Saved data entries:
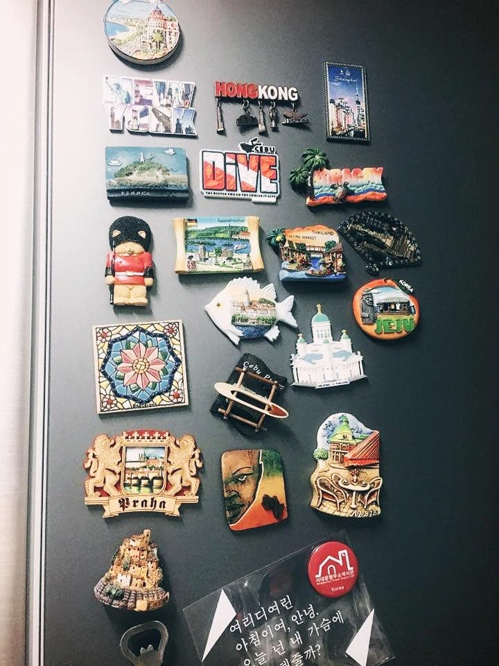 나는 머물렀던 도시에서 항상 엽서와 자석을 구매한다. 자석을 구매했다는 건 '여기 정말 마음에 들구나? 짜식. 나의 도시로 인정 해줄게' 정도의 의미가 있다. 사실 자석은 일가 친척들에게 많이 뺏겼다. 유럽에서 공부하고 돌아온 나는 여행을 하느라 돈을 다 써 버렸고, 친척들의 선물을 구매하지 못했는데 (사실 용돈을 약간 주셨기 때문에 작은 것이라도 사왔어야 했던 것), 한 명씩 친척들이 놀러올 때 마다 어머니는 황급히 냉장고 앞에 달려가 자석을 몇 개씩 떼어 주었다. 추억이 없는 자석이 이억만리 건너온 들 무슨 의미가 있을까? 황망하게 나랑 헤어진 내 초기 자석들에게는 애설픈 이별이었지만, 진짜로 독립을 한 후에는 나의 생활 공간에 잘 보이는 곳에 항상 이 자석들을 훈장처럼 전시해 두고 누구에게도 뺏기지 않았다. 설거지를 하다가, 맥주를 꺼내다가, 문득 쳐다보게 된다. "크, 뉴욕에서 좋았지. 인생에 그런 야경이 또 있을까." "아, 남프랑스 정말 최고였지, 인생에 다시 한 번 가 봐야지." 소복히 쌓여 있는 모습만 봐도 귀엽다. 내가 이룬 것이 지금까지 없을지라도 이렇게 많은 곳을 둘러보았다면 실패한 인생을 아닐 것 같다는 생각도 잠시 해 본다.
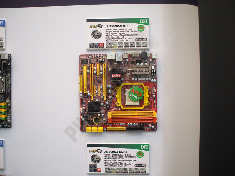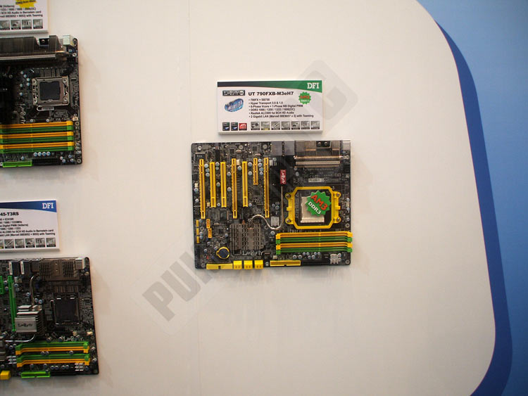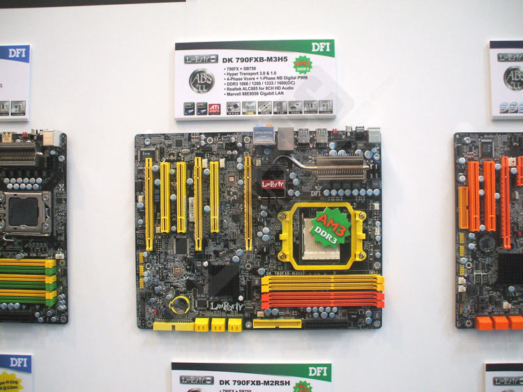 DFI donc propose sur son stand tout son contingent de cartes mères, mais toutes sont déjà connues et même commercialisées, sauf trois petites nouvelles qui viennent renforcer les rang d’AMD. Reste à voir si ce retour fulgurant sur le X58 augure d’un tel succès chez AMD. Voilà donc les trois cartes purement AM3, donc exit la DDR2. Deux cartes ATX sont basées sur le 790FX+SB750, et ne s’adressent pas aux mêmes personnes puisque la DK 790FXB-M3H5 est prévue pour la vente de masse tandis que la UT 790FXB-M3eH7 est plutôt orientée overclocking et power users. la dernière carte est une carte au format µATX équipée du 790GX+SB750 : c’est la JR 790GX-M3H5. C’est tout, il faudra attendre des tests désormais.
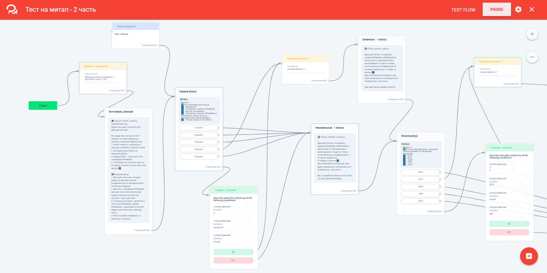Crie chatbots ou campanhas automatizadas em um criador com um belo visual. Nenhum código necessário.
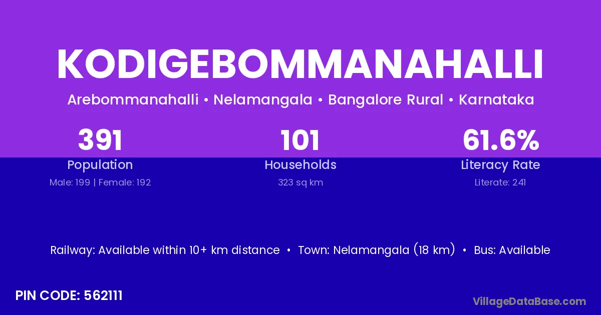 Nelamangala (18 km) is the nearest town to Kodigebommanahalli village for major economic activities and is located approximately 18 km away.
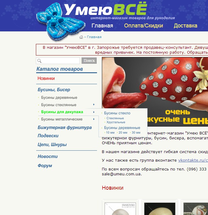 - Первый пункт Новинки, выделить красным, это отдельно созданная страница на сайте
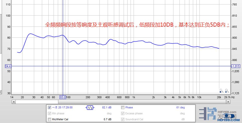 XTZ声学仪所测全频段频响,全频段基本正负5DB内(按等响度及主观听感调试低频约增加10DB);
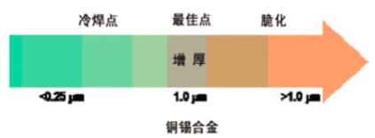 更高溫度和與被焊接部件更長時間的接觸也可能增加金屬化合物的結合層。從而不建議延長接觸時間和重復返工。上圖表顯示了隨著結合層的厚度增加,脆化現象發生的機率就更大。[page]
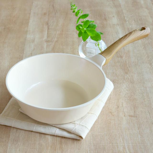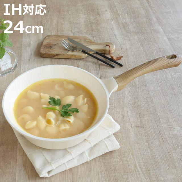 フライパン 24cm 深型 IH対応 HANAKO セラミック製 ウォックパン ( ガス火対応 セラミックフライパン いため鍋 ハナコ ホワイト 24センチ 炒め鍋 セラミックコーティング 木目調ハンドル こびりつきにくい おしゃれ 調理器具 白 )
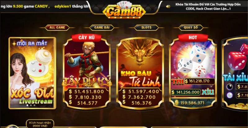 Cổng game bài đổi thưởng Gam88 Club được phát triển và vận hành theo hướng của những cổng game uy tín hàng đầu. Hiện tại, sân chơi nổi tiếng với 3 sảnh cược chính bao gồm: game bài, game quay hũ, tài xỉu.
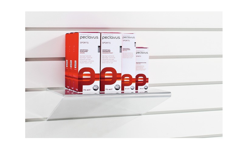 Благодаря своей компактности, изящности и лаконичному дизайну панель-витрина может использоваться даже в небольших кабинетах и прекрасно вписывается в любой интерьер. Это эксклюзивный дизайнерский продукт с гибкими возможностями. Брошюры, косметику, ортопедические изделия, пробники и тестеры — все это теперь вы сможете расположить буквально на уровне глаз клиента. В зависимости от того, какие товары и в каком количестве вы хотите разместить на витрине, вы можете заказать нужное количество полок, держателей, боксов, контейнеров и крючков. Все эти аксессуары изготовлены из высококачественного акрила или металла, легко комбинируются между собой и крепятся к настенной панели бесшовным способом.
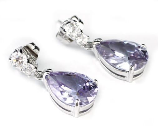 Exkluzív Design: Ezek a fülbevalók lenyűgözően csillogó 4 karátos lila szintetikus zafír kristályokkal díszítettek, melyek káprázatos csepp alakjukkal és tündöklő színükkel azonnal magukra vonják a figyelmet.
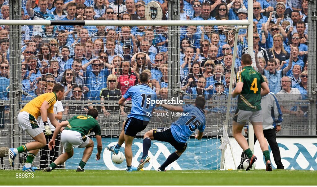 20 July 2014; Bernard Brogan, 15, Dublin, scores his side's first goal. Leinster GAA Football Senior Championship Final, Dublin v Meath, Croke Park, Dublin. Picture credit: Piaras Ó Mídheach / SPORTSFILE
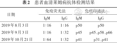 | 2019年8月 | 右上臂3个结节性红斑样皮损,伴发热、乏力、头痛 | 再次查血清莱姆病抗体阳性 | 头孢曲松2 g/次,1次/d静脉点滴5周后红斑消退、体温复常 |
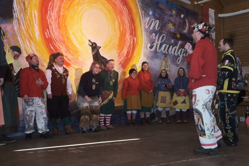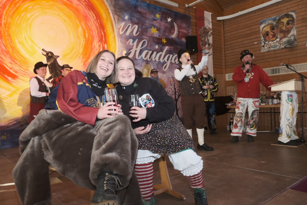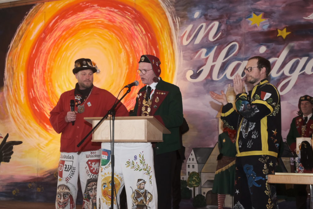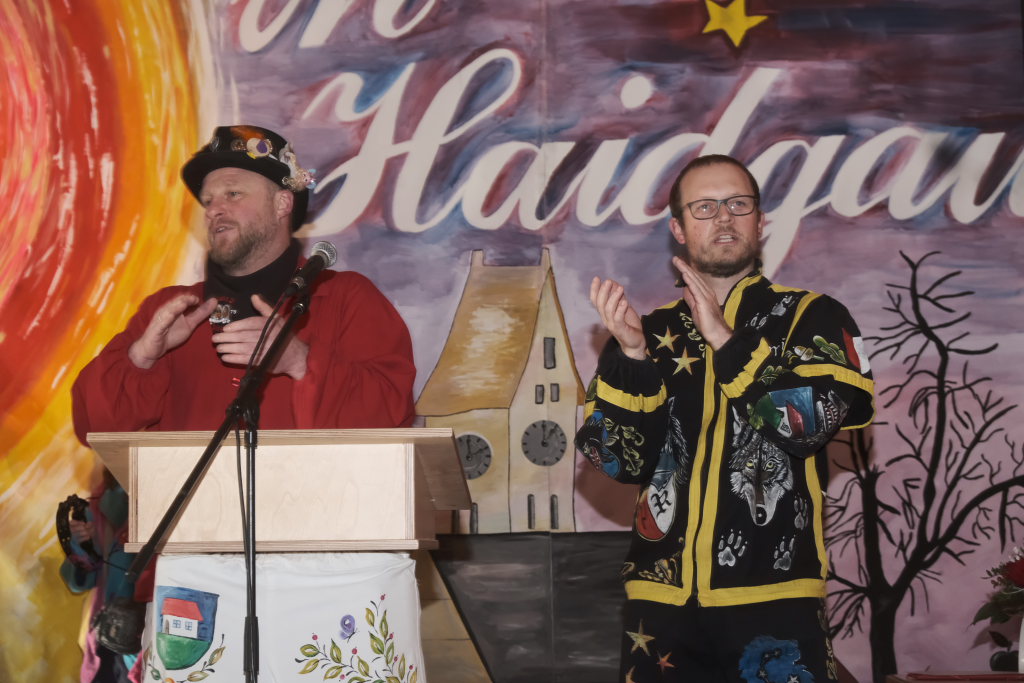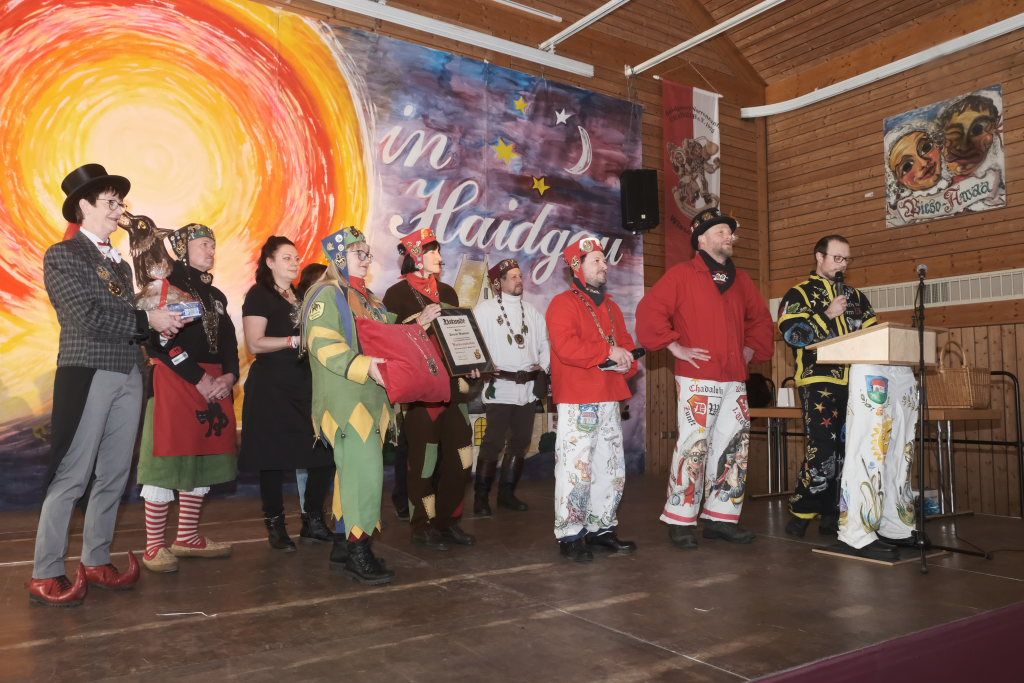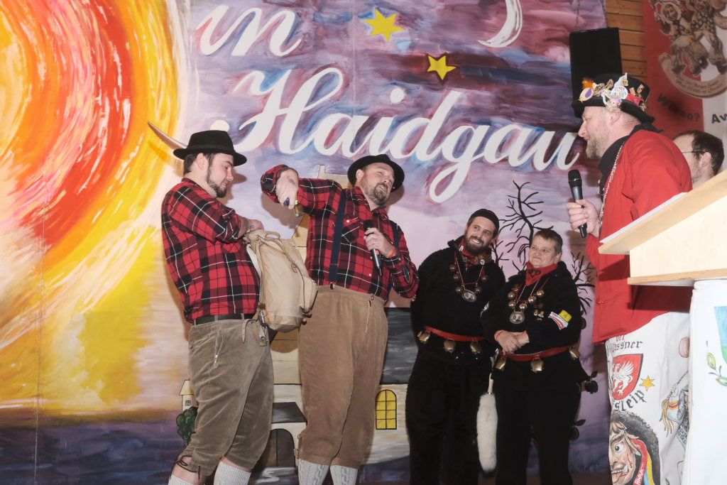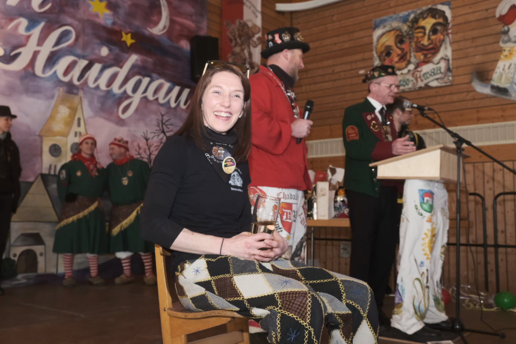 Mit einer gesungenen Liebeserklärung an die Haidgauer Fasnet wartete der Zunftmeister Marco Gärtner der Bockstall Narren aus Weingarten auf. Ein Lied das durchaus das Zeug haben könnte zur Hymne der Haidgauer Fasnet zu werden, wie Iris Kohler die Zunftschreiberin der Chadaloh und musikalisch durchaus bewandert anerkennend feststellte. Einziges Problem dabei: Es müsste jemand im Narrenverein Dudelsack spielen lernen….

TASK: Each line of the data should be quoted exactly, with pictures left out.

OUTPUT BELOW:
 나는 머물렀던 도시에서 항상 엽서와 자석을 구매한다. 자석을 구매했다는 건 '여기 정말 마음에 들구나? 짜식. 나의 도시로 인정 해줄게' 정도의 의미가 있다. 사실 자석은 일가 친척들에게 많이 뺏겼다. 유럽에서 공부하고 돌아온 나는 여행을 하느라 돈을 다 써 버렸고, 친척들의 선물을 구매하지 못했는데 (사실 용돈을 약간 주셨기 때문에 작은 것이라도 사왔어야 했던 것), 한 명씩 친척들이 놀러올 때 마다 어머니는 황급히 냉장고 앞에 달려가 자석을 몇 개씩 떼어 주었다. 추억이 없는 자석이 이억만리 건너온 들 무슨 의미가 있을까? 황망하게 나랑 헤어진 내 초기 자석들에게는 애설픈 이별이었지만, 진짜로 독립을 한 후에는 나의 생활 공간에 잘 보이는 곳에 항상 이 자석들을 훈장처럼 전시해 두고 누구에게도 뺏기지 않았다. 설거지를 하다가, 맥주를 꺼내다가, 문득 쳐다보게 된다. "크, 뉴욕에서 좋았지. 인생에 그런 야경이 또 있을까." "아, 남프랑스 정말 최고였지, 인생에 다시 한 번 가 봐야지." 소복히 쌓여 있는 모습만 봐도 귀엽다. 내가 이룬 것이 지금까지 없을지라도 이렇게 많은 곳을 둘러보았다면 실패한 인생을 아닐 것 같다는 생각도 잠시 해 본다.
 DFI donc propose sur son stand tout son contingent de cartes mères, mais toutes sont déjà connues et même commercialisées, sauf trois petites nouvelles qui viennent renforcer les rang d’AMD. Reste à voir si ce retour fulgurant sur le X58 augure d’un tel succès chez AMD. Voilà donc les trois cartes purement AM3, donc exit la DDR2. Deux cartes ATX sont basées sur le 790FX+SB750, et ne s’adressent pas aux mêmes personnes puisque la DK 790FXB-M3H5 est prévue pour la vente de masse tandis que la UT 790FXB-M3eH7 est plutôt orientée overclocking et power users. la dernière carte est une carte au format µATX équipée du 790GX+SB750 : c’est la JR 790GX-M3H5. C’est tout, il faudra attendre des tests désormais.
Crie chatbots ou campanhas automatizadas em um criador com um belo visual. Nenhum código necessário.
 Nelamangala (18 km) is the nearest town to Kodigebommanahalli village for major economic activities and is located approximately 18 km away.
 - Первый пункт Новинки, выделить красным, это отдельно созданная страница на сайте
 XTZ声学仪所测全频段频响,全频段基本正负5DB内(按等响度及主观听感调试低频约增加10DB);
 更高溫度和與被焊接部件更長時間的接觸也可能增加金屬化合物的結合層。從而不建議延長接觸時間和重復返工。上圖表顯示了隨著結合層的厚度增加,脆化現象發生的機率就更大。[page]
 フライパン 24cm 深型 IH対応 HANAKO セラミック製 ウォックパン ( ガス火対応 セラミックフライパン いため鍋 ハナコ ホワイト 24センチ 炒め鍋 セラミックコーティング 木目調ハンドル こびりつきにくい おしゃれ 調理器具 白 )
 Cổng game bài đổi thưởng Gam88 Club được phát triển và vận hành theo hướng của những cổng game uy tín hàng đầu. Hiện tại, sân chơi nổi tiếng với 3 sảnh cược chính bao gồm: game bài, game quay hũ, tài xỉu.
 Благодаря своей компактности, изящности и лаконичному дизайну панель-витрина может использоваться даже в небольших кабинетах и прекрасно вписывается в любой интерьер. Это эксклюзивный дизайнерский продукт с гибкими возможностями. Брошюры, косметику, ортопедические изделия, пробники и тестеры — все это теперь вы сможете расположить буквально на уровне глаз клиента. В зависимости от того, какие товары и в каком количестве вы хотите разместить на витрине, вы можете заказать нужное количество полок, держателей, боксов, контейнеров и крючков. Все эти аксессуары изготовлены из высококачественного акрила или металла, легко комбинируются между собой и крепятся к настенной панели бесшовным способом.
 Exkluzív Design: Ezek a fülbevalók lenyűgözően csillogó 4 karátos lila szintetikus zafír kristályokkal díszítettek, melyek káprázatos csepp alakjukkal és tündöklő színükkel azonnal magukra vonják a figyelmet.
 20 July 2014; Bernard Brogan, 15, Dublin, scores his side's first goal. Leinster GAA Football Senior Championship Final, Dublin v Meath, Croke Park, Dublin. Picture credit: Piaras Ó Mídheach / SPORTSFILE
 | 2019年8月 | 右上臂3个结节性红斑样皮损,伴发热、乏力、头痛 | 再次查血清莱姆病抗体阳性 | 头孢曲松2 g/次,1次/d静脉点滴5周后红斑消退、体温复常 |
 Mit einer gesungenen Liebeserklärung an die Haidgauer Fasnet wartete der Zunftmeister Marco Gärtner der Bockstall Narren aus Weingarten auf. Ein Lied das durchaus das Zeug haben könnte zur Hymne der Haidgauer Fasnet zu werden, wie Iris Kohler die Zunftschreiberin der Chadaloh und musikalisch durchaus bewandert anerkennend feststellte. Einziges Problem dabei: Es müsste jemand im Narrenverein Dudelsack spielen lernen….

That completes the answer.